Unary function operates on a single column, so it carries through the name of that column. For example cos(f.A) produces column "A" because the argument of function cos() is a column named "A".

A binary function, on the other hand, takes 2 columns as arguments. For example, f.X * f.Y. Since both of those columns can potentially have names, it is unclear what the name of the result should be. It can't be "X" or "Y" because that would be unfair to the other column. It can't be "X * Y", because applying this rule universally quickly produces bad results, like (f.X + f.Y)*f.Z -> "X+Y*Z". And that's not even taking into account columns with long complicated names.

Thus, the only choice is for f.X * f.Y to be unnamed. We could make special check that if one of the columns in the result is unnamed, then the outcome must bear the name of the other column, but it would mean that f.X * f.Y * f.Z is named "Z" which is very dubious.

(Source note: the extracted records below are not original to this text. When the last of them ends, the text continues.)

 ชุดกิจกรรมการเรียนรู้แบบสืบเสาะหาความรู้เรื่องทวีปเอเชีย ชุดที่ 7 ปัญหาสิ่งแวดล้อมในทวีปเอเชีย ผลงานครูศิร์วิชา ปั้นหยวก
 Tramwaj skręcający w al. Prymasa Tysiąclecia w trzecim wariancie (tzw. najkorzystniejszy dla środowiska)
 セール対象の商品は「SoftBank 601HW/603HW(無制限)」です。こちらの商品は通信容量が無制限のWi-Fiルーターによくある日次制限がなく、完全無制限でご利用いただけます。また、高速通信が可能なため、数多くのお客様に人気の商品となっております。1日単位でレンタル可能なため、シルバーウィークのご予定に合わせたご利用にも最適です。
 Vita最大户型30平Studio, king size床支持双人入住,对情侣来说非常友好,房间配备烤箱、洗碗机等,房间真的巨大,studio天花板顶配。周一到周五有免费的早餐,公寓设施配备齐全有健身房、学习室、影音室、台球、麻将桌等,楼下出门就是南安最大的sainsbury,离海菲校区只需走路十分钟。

I guess we could make a rule that if one of the arguments to a binary function is a scalar then the result is the name of the other column. This would mean that 2 * (f.X - 1) is still called "X".

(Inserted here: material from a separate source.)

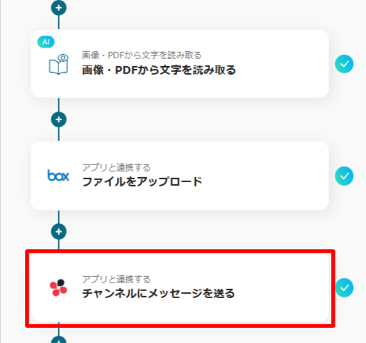 普段業務で使っているコミュニケーションツールをフローの最後に追加すると、ファイルがアップロードされたことを通知で受け取ることができます。
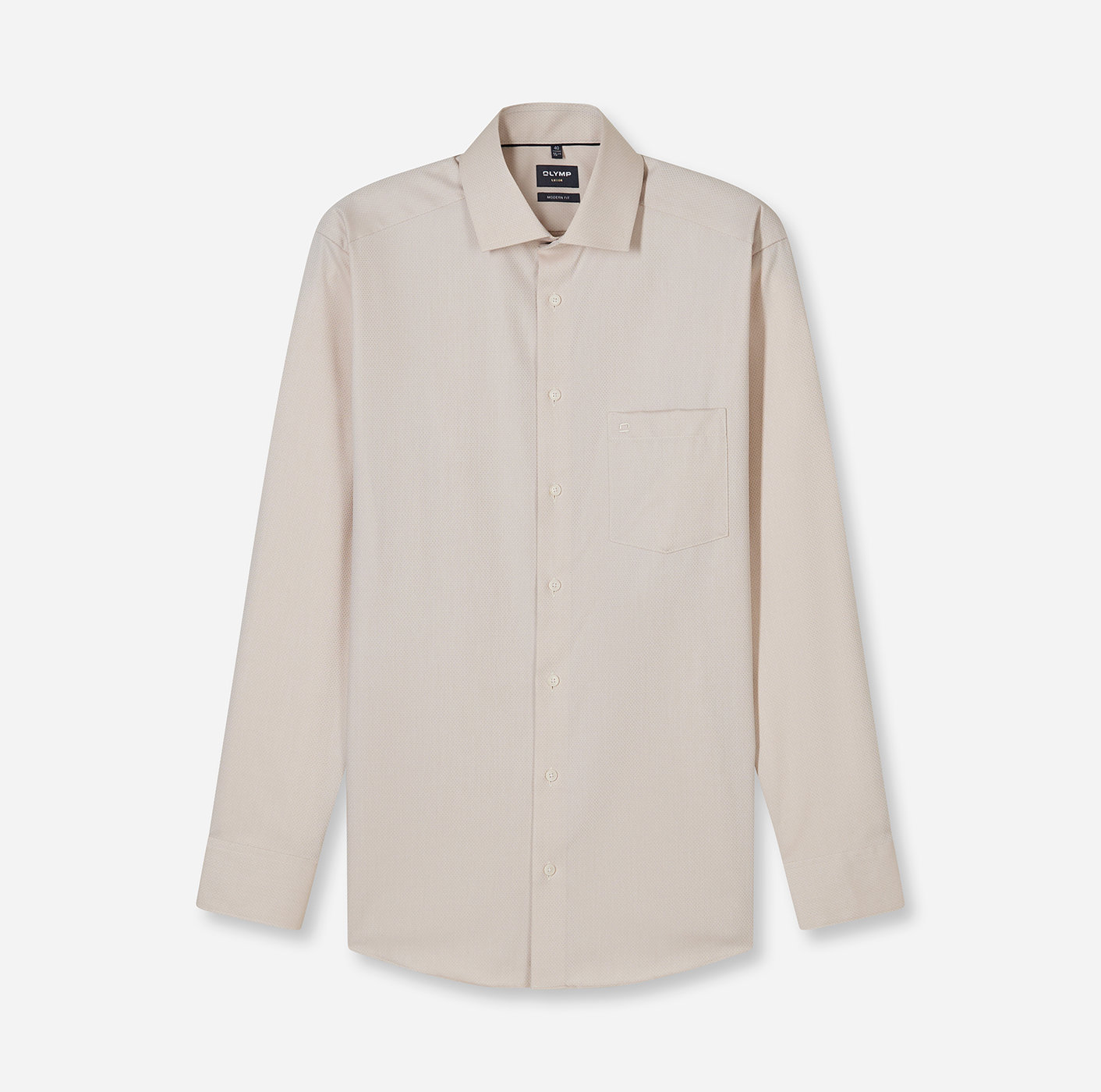 Realizzata in puro cotone operato, questa camicia OLYMP Luxor nel raffinato colore naturale unisce eleganza e praticità. La vestibilità Modern Fit garantisce una linea contemporanea e confortevole, perfetta per l’uso quotidiano come per contesti professionali e cerimonie. Il tessuto è traspirante, piacevole sulla pelle e facile da stirare, per un look sempre impeccabile con il minimo sforzo.

st-pasha avatar Oct 02 '20 22:10 st-pasha

@st-pasha much clearer now.

I guess we could make a rule that if one of the arguments to a binary function is a scalar then the result is the name of the other column. This would mean that 2 * (f.X - 1) is still called "X".

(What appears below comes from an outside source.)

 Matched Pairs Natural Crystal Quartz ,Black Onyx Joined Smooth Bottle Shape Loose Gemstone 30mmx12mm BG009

I think this is a good idea to be implemented.

Also, I feel this column name changes for operations should be documented somewhere(not sure on the exact location), so users are aware. Although, on second thought, it might just be me, and not really a issue for the library's user base.

samukweku avatar Oct 03 '20 00:10 samukweku

Yeah, it should be documented. But where?

st-pasha avatar Oct 03 '20 00:10 st-pasha

I think it should be included in transformation documentation, which is no. 5 on #2604 . Open to suggestions.

samukweku avatar Oct 03 '20 02:10 samukweku

I guess this issue must be relabeled to documentation or something. After following the discussion, I understand that it's a feature not a bug :)

pradkrish avatar Nov 04 '20 21:11 pradkrish

Yes @pradkrish ; still thinking of which part of the documentation to mention this.

samukweku avatar Nov 05 '20 00:11 samukweku

closing this; the alias function can help with renaming

samukweku avatar Nov 23 '22 10:11 samukweku